Anticipate the Costs Dispute

When conducting a case, it is helpful to have issues of proportionality in one’s mind. What is the likely level of damages? Are there any legal or factual complexities that may justify higher expenditure? Does the case justify expert evidence in a particular discipline, or not? These questions are always best considered before costs are incurred rather than after. If cogent justification can be given in an attendance note as to why a particular activity or expense was considered proportionate, there will be a better chance of recovering it at assessment.

Monitor the Costs Spend

In the heat of litigation, it can be difficult to keep track of the level of costs that have been incurred, but it is important to do so. Once disproportionate costs have been incurred, there is only so much that can be done to minimise the reductions that will follow at detailed assessment. As the case progresses, keep a close eye on how the costs compare to the likely level of damages and the complexity of the matter.

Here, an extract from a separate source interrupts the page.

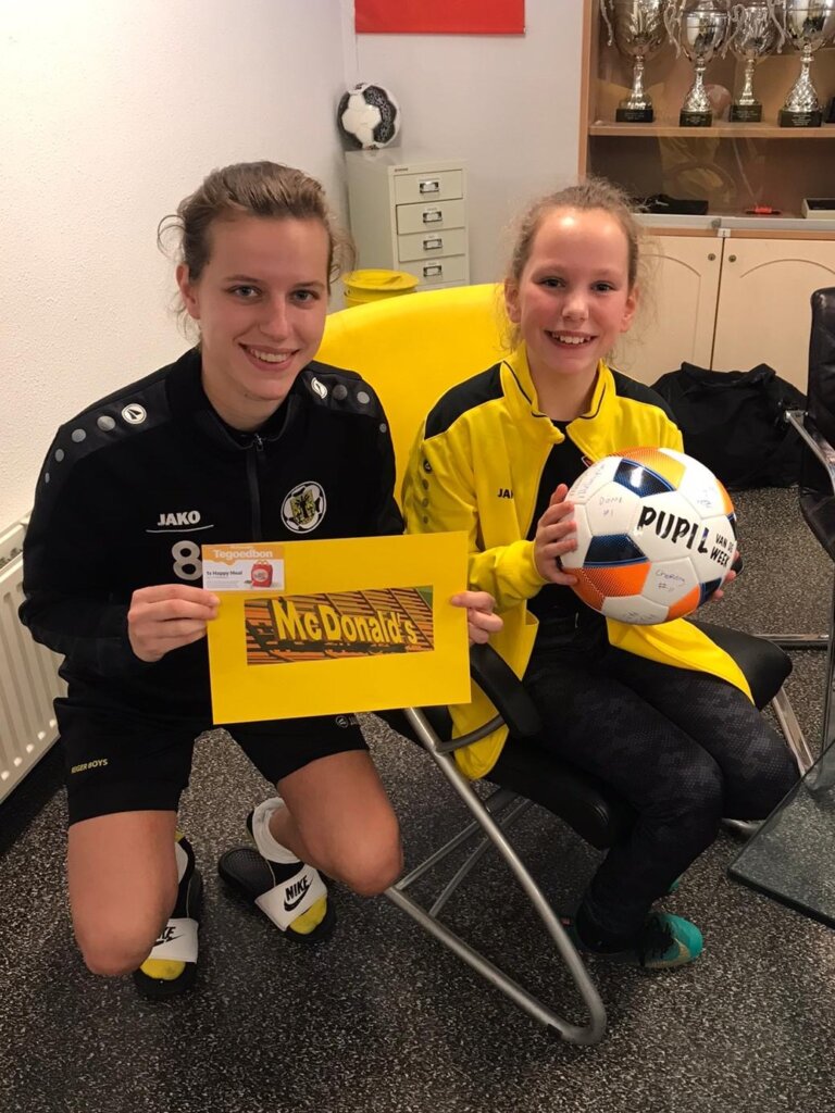 Om 14:00 uur moest ik me melden bij de bestuurskamer en daar kreeg ik het trainingspak en de warme jas van de Pupil van de Week. Hierna ging ik naar de kleedkamer waar de meiden vooral naar hele harde muziek aan het luisteren waren, heel gezellig.

Consult a Costs Lawyer Before Costs are Incurred

If you are considering incurring a significant cost, for example, having a conference on a particular issue, but are unsure whether the assessing judge would consider it proportionate, it is advisable to consult a costs professional before incurring the cost in question. A good Costs Lawyer will be able to advise you on the likely outcome on assessment.

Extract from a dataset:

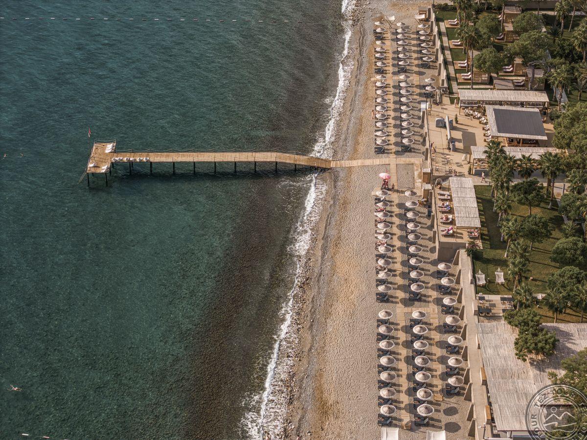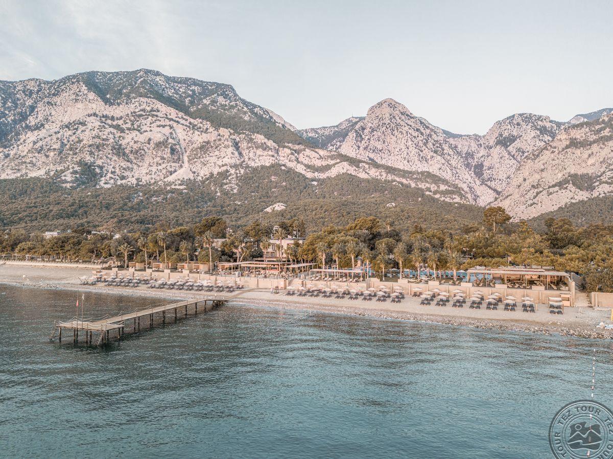 в 40 км от аэропорта г. Анталья, в 29 км от г. Анталья, в 18 км от г. Кемер, в 100 м от центра поселка Бельдиби, на берегу моря.

Serve an Adequate Costs Budget, and Revise it if Necessary

Having regard to the interrelationship between Costs Management and proportionality, perhaps the single best way to protect the position on proportionality is to prepare a robust Costs Budget and, once it is approved, to ensure you remain within the budgeted allowances. While this will not preclude arguments on proportionality at detailed assessment, it will place your case in a much better position than if the budget has been exceeded, and establish a strong prima facie case that the costs are proportionate. To ensure that your Costs Budget is both adequate and persuasive, it is important that it is prepared by a suitably experienced Costs Lawyer who is capable of justifying the allowances sought at the CCMC.

Once the Costs Budget is approved, the level of costs being incurred will need to be monitored to ensure that the budgeted allowances are not exceeded. A Costs Lawyer can do this and the costs of doing so will be included within the recoverable 2% cap in Practice Direction 3E, 7.2(b). If there has been a significant development leading to increased costs, the Costs Budget will need to be revised accordingly.

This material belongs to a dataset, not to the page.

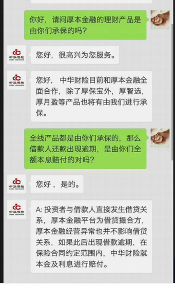 有出借人提供的截图显示,当出借人问询,“全线产品都是由你们承保的,那么借款人还款出现逾期,是由你们全额本息赔付的对吗?”中华财险客服回复“是的”,如果出现借款逾期,“在保险合同约定范围内,中华财险就本金及利息进行赔付。”

Serve an Adequate and Persuasive Bill of Costs

A poorly drafted Bill of Costs, with a confusing, patchy narrative and scanty chronology, can do serious damage to your case on proportionality. The narrative needs to clearly demonstrate the complexities of the case, why costs were required to be incurred at a given level, and any features of the paying party’s conduct which served to increase costs. Excessively brief, or conversely, unhelpfully verbose narratives are too often seen. Similarly, the chronology should contain sufficient detail to understand the history of the case, and why given aspects of the costs were required to be incurred at a given time. The matters in issue, and the sums in issue, may fluctuate over the course of the claim, so the assessing judge will need a clear sense of how the claim progressed and the decisions that were taken over its conduct before they are able to resolve the question of proportionality in the receiving party’s favour.

As can be seen, proper account needs to be taken of proportionality at all stages. Should you require assistance or advice on proportionality or any other costs issue, Whittakers Legal Costs is on hand to help.


[1] Master Brown of the Senior Courts Costs Office has recently commented extra-judicially that proportionality needs to be considered at the beginning of the hearing, to inform the “line-by-line” assessment, albeit that no proportionality determination need be made at that point.